Given data —
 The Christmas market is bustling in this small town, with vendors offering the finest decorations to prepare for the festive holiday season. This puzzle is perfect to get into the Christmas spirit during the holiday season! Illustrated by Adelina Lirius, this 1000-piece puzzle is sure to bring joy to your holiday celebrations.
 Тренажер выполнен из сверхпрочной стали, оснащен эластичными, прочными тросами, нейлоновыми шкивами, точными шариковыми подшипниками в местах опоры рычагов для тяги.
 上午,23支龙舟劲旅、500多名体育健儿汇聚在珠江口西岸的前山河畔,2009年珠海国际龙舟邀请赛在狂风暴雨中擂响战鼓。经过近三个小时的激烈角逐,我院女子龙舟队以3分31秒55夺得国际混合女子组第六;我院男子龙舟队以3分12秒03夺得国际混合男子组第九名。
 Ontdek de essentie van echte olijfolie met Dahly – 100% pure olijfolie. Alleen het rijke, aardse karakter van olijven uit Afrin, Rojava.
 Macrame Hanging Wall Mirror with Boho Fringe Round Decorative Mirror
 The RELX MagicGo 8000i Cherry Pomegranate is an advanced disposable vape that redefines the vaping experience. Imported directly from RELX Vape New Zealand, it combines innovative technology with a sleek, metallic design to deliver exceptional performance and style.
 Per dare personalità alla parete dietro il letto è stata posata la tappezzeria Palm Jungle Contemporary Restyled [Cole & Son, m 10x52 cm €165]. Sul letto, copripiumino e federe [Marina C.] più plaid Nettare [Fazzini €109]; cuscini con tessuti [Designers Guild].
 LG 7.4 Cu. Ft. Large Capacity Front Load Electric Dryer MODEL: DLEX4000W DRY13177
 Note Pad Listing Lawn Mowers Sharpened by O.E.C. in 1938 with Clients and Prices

==

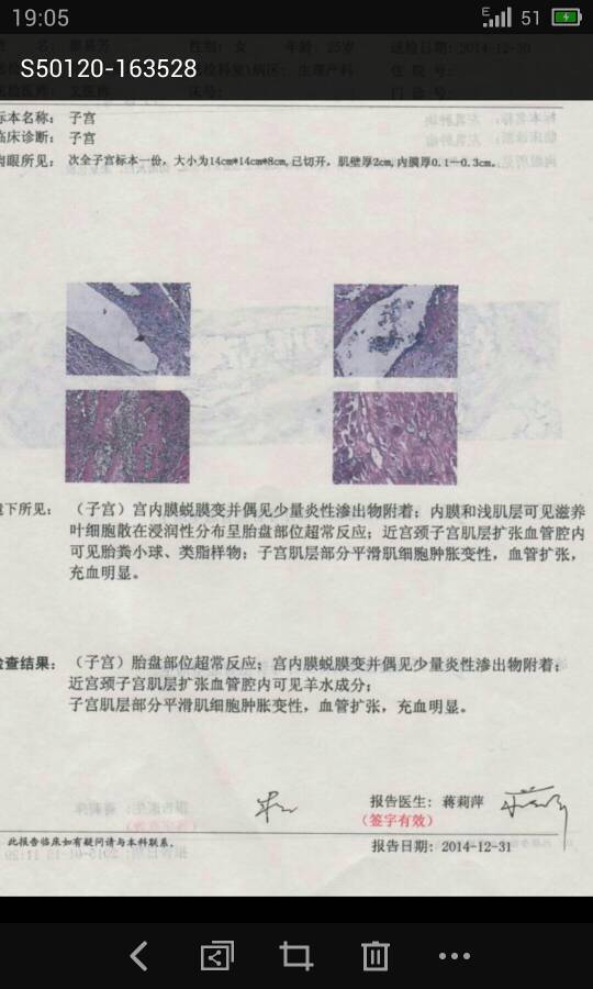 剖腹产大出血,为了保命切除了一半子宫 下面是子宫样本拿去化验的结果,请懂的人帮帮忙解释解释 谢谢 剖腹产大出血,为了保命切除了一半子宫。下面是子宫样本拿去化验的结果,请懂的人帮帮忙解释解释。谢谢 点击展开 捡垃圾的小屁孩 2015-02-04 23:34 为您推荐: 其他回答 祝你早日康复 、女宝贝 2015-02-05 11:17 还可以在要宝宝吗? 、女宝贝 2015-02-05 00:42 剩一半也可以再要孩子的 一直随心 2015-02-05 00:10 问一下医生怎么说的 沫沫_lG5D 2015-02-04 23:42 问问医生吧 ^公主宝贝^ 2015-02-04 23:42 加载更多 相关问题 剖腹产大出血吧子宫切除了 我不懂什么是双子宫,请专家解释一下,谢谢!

...

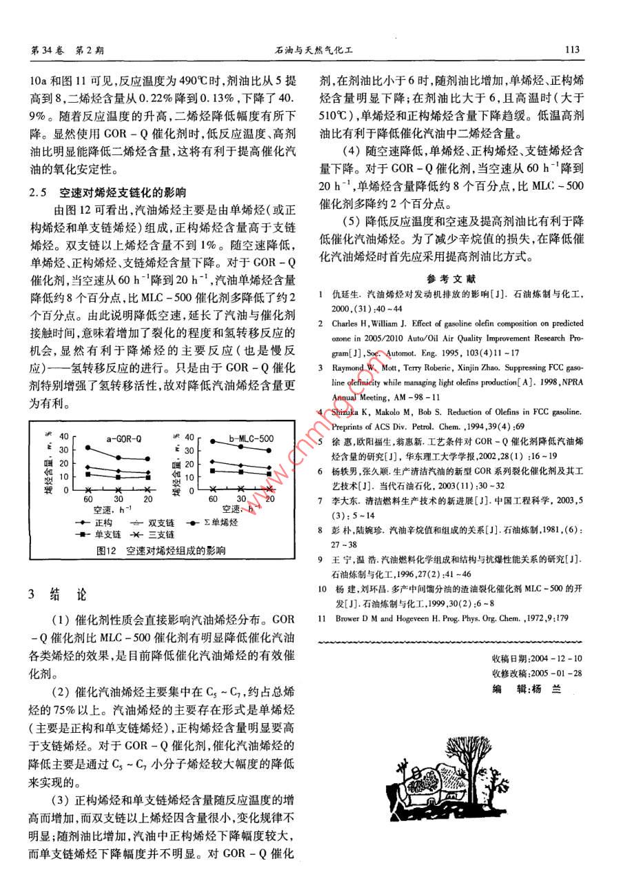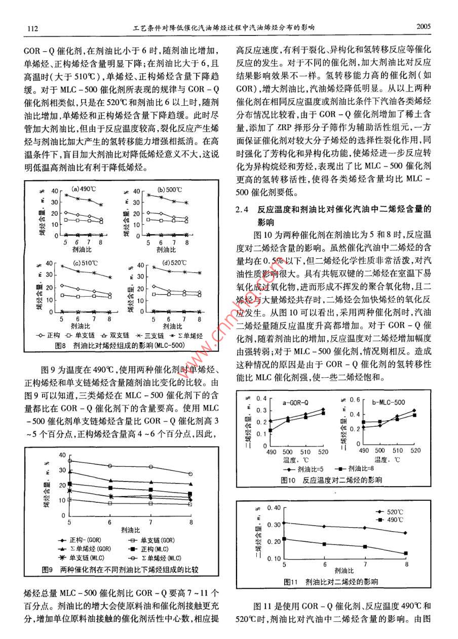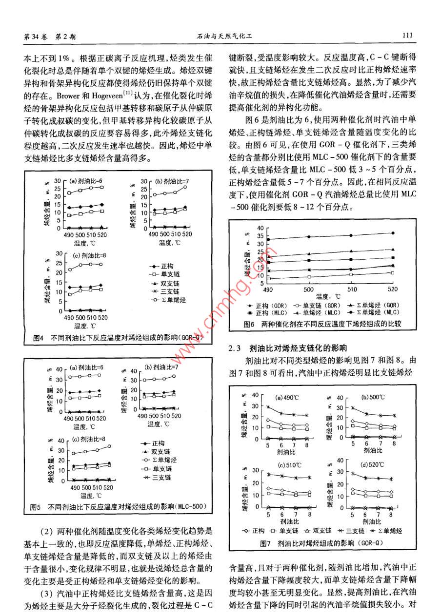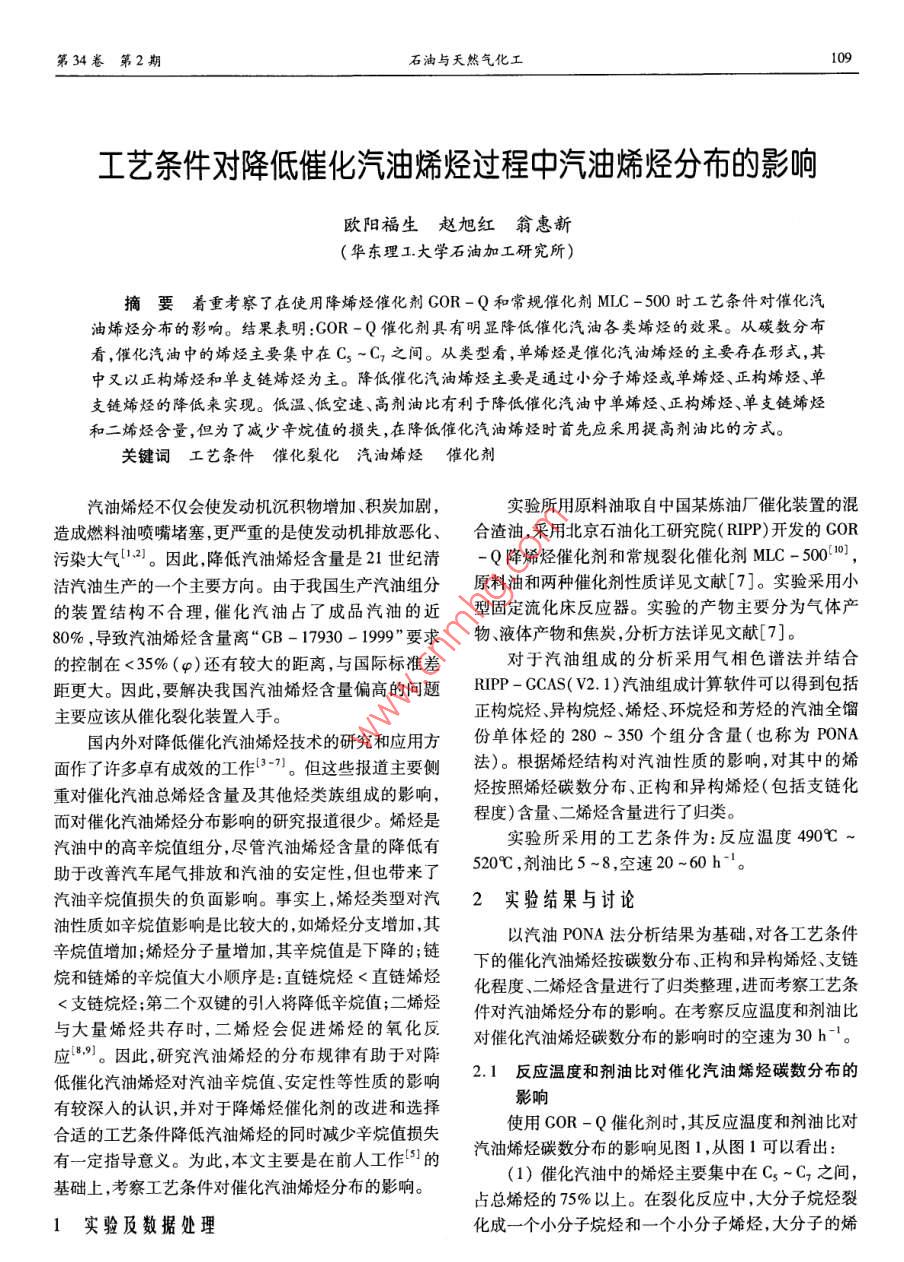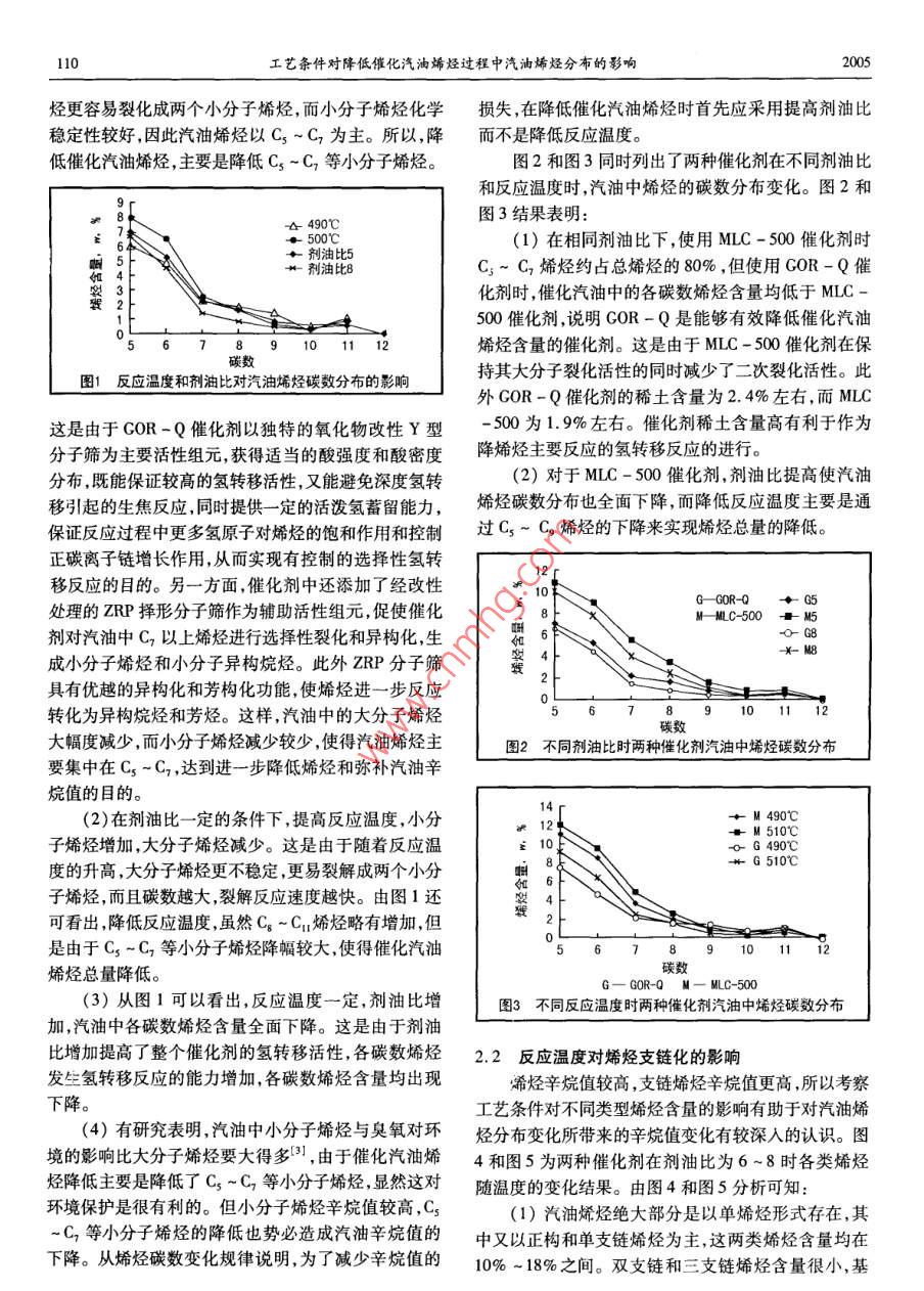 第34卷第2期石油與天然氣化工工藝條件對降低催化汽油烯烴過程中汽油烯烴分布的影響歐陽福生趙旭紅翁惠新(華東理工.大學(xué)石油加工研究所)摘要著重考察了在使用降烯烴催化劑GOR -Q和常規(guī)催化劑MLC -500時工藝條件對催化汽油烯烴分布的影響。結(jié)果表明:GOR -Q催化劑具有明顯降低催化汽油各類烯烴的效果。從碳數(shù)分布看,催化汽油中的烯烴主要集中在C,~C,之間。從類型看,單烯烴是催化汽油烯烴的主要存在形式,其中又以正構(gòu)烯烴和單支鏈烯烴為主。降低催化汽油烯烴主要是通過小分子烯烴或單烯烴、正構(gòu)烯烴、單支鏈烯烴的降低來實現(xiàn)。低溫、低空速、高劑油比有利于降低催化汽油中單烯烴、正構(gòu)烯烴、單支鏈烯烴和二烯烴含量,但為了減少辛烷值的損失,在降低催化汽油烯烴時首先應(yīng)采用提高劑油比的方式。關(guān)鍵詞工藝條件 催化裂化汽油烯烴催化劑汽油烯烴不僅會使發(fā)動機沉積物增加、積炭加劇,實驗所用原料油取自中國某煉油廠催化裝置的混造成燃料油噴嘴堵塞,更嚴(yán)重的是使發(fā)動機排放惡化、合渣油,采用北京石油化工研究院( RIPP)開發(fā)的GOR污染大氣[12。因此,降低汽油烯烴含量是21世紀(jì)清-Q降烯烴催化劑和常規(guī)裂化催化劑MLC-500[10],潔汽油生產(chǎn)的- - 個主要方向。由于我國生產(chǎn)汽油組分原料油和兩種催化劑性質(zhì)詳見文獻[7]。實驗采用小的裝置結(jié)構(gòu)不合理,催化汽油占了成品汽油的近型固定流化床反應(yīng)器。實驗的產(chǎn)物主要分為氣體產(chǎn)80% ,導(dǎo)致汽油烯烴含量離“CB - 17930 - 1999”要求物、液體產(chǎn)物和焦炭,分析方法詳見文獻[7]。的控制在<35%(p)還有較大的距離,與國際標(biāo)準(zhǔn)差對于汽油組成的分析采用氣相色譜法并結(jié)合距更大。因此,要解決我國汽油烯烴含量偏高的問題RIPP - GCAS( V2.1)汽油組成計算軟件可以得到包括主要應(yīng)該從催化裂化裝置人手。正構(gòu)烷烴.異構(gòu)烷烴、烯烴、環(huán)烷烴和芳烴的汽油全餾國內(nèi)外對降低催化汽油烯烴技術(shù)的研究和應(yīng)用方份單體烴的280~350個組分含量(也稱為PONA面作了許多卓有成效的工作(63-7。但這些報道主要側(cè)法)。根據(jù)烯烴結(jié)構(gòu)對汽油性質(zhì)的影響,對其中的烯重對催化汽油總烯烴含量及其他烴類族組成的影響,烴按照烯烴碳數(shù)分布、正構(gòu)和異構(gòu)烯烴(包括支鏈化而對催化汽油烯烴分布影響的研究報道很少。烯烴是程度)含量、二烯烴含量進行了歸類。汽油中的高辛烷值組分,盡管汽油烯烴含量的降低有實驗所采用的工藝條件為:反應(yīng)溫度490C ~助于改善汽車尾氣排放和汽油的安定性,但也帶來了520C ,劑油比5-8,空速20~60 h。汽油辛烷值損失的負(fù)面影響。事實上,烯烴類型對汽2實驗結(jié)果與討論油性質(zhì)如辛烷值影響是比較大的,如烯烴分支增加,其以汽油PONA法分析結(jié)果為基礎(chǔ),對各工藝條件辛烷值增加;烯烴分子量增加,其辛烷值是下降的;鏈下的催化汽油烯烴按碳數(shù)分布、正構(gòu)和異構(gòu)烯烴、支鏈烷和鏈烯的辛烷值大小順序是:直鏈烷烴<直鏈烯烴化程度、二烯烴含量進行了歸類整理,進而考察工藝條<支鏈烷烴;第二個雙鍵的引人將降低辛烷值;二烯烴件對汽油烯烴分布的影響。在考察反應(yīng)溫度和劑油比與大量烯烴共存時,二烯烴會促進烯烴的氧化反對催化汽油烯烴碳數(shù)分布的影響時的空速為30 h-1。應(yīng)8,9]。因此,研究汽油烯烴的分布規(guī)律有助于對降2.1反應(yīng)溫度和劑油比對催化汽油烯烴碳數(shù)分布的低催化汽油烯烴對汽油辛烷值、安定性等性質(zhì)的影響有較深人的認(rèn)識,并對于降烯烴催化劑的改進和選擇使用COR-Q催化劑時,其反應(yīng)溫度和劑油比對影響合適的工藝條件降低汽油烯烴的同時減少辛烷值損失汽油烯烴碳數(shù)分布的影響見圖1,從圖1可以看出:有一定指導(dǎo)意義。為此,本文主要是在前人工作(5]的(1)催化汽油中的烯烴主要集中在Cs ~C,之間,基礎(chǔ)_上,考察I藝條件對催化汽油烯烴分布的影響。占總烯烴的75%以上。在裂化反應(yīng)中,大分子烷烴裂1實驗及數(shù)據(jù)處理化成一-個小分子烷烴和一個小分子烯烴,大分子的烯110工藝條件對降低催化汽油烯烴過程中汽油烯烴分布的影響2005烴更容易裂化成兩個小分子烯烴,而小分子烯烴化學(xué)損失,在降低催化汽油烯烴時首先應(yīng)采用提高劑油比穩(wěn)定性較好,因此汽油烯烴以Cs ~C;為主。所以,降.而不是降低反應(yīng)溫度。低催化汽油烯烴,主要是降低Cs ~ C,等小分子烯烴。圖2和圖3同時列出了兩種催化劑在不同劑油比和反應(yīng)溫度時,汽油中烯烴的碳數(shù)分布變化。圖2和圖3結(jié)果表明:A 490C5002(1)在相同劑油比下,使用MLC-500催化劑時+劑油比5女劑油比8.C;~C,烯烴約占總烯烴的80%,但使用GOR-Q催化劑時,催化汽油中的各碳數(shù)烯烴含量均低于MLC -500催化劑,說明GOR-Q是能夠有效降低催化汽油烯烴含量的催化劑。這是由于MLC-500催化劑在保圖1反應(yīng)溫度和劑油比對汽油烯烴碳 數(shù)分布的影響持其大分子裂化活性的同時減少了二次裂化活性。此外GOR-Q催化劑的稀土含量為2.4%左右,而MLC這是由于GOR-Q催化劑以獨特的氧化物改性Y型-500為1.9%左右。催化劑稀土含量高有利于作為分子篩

Work instructions — Each line of the entries holding the string "with" should be found and copied.

Result —
 The Christmas market is bustling in this small town, with vendors offering the finest decorations to prepare for the festive holiday season. This puzzle is perfect to get into the Christmas spirit during the holiday season! Illustrated by Adelina Lirius, this 1000-piece puzzle is sure to bring joy to your holiday celebrations.
 Macrame Hanging Wall Mirror with Boho Fringe Round Decorative Mirror
 The RELX MagicGo 8000i Cherry Pomegranate is an advanced disposable vape that redefines the vaping experience. Imported directly from RELX Vape New Zealand, it combines innovative technology with a sleek, metallic design to deliver exceptional performance and style.
 Note Pad Listing Lawn Mowers Sharpened by O.E.C. in 1938 with Clients and Prices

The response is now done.